2023
Redesigning Personal Zen, to improve
first session retention.
My Role
Product Designer (UX/UI, Research)
Scope
Focused on improving first-session retention by refining the core gameplay loop and introducing lightweight feedback to reinforce progress.
Personal Zen helps people manage stress and anxiety through short, science-based interactive exercises, a proven method that helps people break negative thought patterns and build healthier ones.
Gameplay Overview
After completing a brief anxiety disorder survey, users enter 3–5
minute play sessions, tracing paths left by positive sprites while avoiding negative ones and earning medallions along the way.
Despite a strong therapeutic foundation, many users dropped off after their first session, suggesting the app wasn't clearly communicating its value early enough to motivate return. App Store reviews flagged the gameplay as repetitive, and many users never reached the app's full therapeutic benefit.
How might we strengthen first-session engagement and motivate return without compromising the app’s calming, therapeutic foundation?
Internal data pointed to two areas of early drop-off for the app: onboarding and the core gameplay experience. With that, I set out to understand where users were losing momentum and why.
To understand where users were losing momentum, I mapped the first-time experience from onboarding to gameplay.
A six-step onboarding added friction before gameplay
Instruction-heavy prompts required excessive reading before interaction
The assessment added value through personalization, but requiring seven screens before gameplay meant users had to commit before experiencing the game.
While playing the game, I swiped on the positive paths as they appeared on the screen while intentionally ignoring negative or unhappy faces.
Each session lasted 3–5 minutes and was designed to be calm and repetitive by intention.
Progress was visually represented through the environment, but it was unclear how this signaled session completion or whether a session had been successfully completed.
Core Gameplay Loop
Few wellness apps use game mechanics intentionally, I looked at casual games like Cut the Rope and Fruit Ninja, which use short, repeatable loops and simple interactions. This helped identify which patterns could support a calming experience and which would introduce pressure or distraction.
What this uncovered
Cut the Rope showed that clear goals and rewards keep people coming back. Fruit Ninja had strong feedback, but the scoring felt too competitive. I kept the feedback, not the pressure.
Based on these findings, I redesigned the core gameplay to make progress visible and more meaningful during each session. I removed competitive scoring and introduced lightweight feedback to reinforce progress without adding pressure.

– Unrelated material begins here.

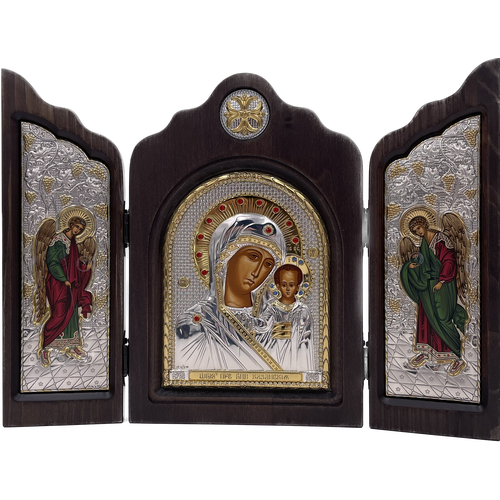 Икона Божией Матери Казанская, триптих, шелкография, золотой декор, серебро, стразы 16*24 см

I tested the redesigned experience with nine (9) participants using a high-fidelity prototype, comparing the current and updated flows.
Evaluation Approach
Participants
Who We Tested
Nine (9) Users
How We Tested
45 min moderated sessions (Zoom)
Devices: iOS and Android; some Android users had swipe issues
Research Questions
Was the updated experience
more motivating?Did progress and feedback
feel meaningful?Would you return to the app?
Evaluation Focus
Onboarding comprehension
Emotional response to progress
Replay motivation
Key Decisions
and Outcomes
Adding lightweight gamified elements increased engagement without adding pressure, helping users better understand their progress and motivating return, though some reward mechanics still felt unclear and revealed opportunities to simplify feedback and progression.
Challenge #1
Users found the Resilience Meter and the term “resilient” confusing and evaluative.
“Not a fan of the resilience meter; the app telling me I’m resilient doesn’t sit right.”
Decision
I recommended removing the Resilience Meter and redesigned it as a simpler game summary, reinforcing session completion rather than labeling emotional states.
Challenge #2
Users were unclear about the purpose of collecting medallions and expected trade-in or reward options.
“I guess you collect the medallions, I don’t know what those are for.”
Decision
I designed a reward view using patterns observed in casual gameplays, prioritizing clarity and simplicity with the most intuitive option selected through stakeholder review.
These findings shaped the final design decisions carried into the shipped experience.
This validated the shift toward visible progress and lightweight feedback, which were carried into the final experience.
“More structured and calming”
“Encouraging without being competitive”
“Rewarding without feeling like a game”
Potential opportunities to improve upon beyond the scope of this project.
Assess Long Term Engagement
Track how often users return over time (for example, after their first session and over the following days) to understand whether the updated experience is building a consistent habit.
Refine Motivating Features
Users responded positively to the game summary but wanted clearer value from medallions and points. Next steps would explore ways to strengthen progress and return incentives without adding heavier game mechanics.
Improve Accessibility
Address platform-specific interaction issues flagged during testing, including swipe gesture inconsistencies on Android, and ensure visuals, language, and interactions support users with varying cognitive and emotional needs.